Problem statement: The records below hold a stretch from the line with "Charles Ray talked" through the line with "NOTE: Due to"; return exactly those lines, ends included, and nothing more.

Record set:
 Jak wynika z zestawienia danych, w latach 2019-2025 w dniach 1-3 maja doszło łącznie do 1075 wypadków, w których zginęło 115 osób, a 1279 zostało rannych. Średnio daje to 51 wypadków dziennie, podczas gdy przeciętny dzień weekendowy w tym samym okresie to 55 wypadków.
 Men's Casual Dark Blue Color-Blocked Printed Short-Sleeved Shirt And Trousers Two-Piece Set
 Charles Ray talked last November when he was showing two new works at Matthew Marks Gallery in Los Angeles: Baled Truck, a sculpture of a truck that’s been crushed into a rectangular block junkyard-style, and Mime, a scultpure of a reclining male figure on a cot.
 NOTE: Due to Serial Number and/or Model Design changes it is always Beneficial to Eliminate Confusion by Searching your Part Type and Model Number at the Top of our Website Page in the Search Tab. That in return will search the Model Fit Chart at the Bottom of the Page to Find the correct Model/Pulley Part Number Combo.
---
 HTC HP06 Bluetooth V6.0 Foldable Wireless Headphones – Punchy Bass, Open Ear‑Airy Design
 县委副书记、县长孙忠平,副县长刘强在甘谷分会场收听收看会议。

Output for this task:
 Charles Ray talked last November when he was showing two new works at Matthew Marks Gallery in Los Angeles: Baled Truck, a sculpture of a truck that’s been crushed into a rectangular block junkyard-style, and Mime, a scultpure of a reclining male figure on a cot.
 NOTE: Due to Serial Number and/or Model Design changes it is always Beneficial to Eliminate Confusion by Searching your Part Type and Model Number at the Top of our Website Page in the Search Tab. That in return will search the Model Fit Chart at the Bottom of the Page to Find the correct Model/Pulley Part Number Combo.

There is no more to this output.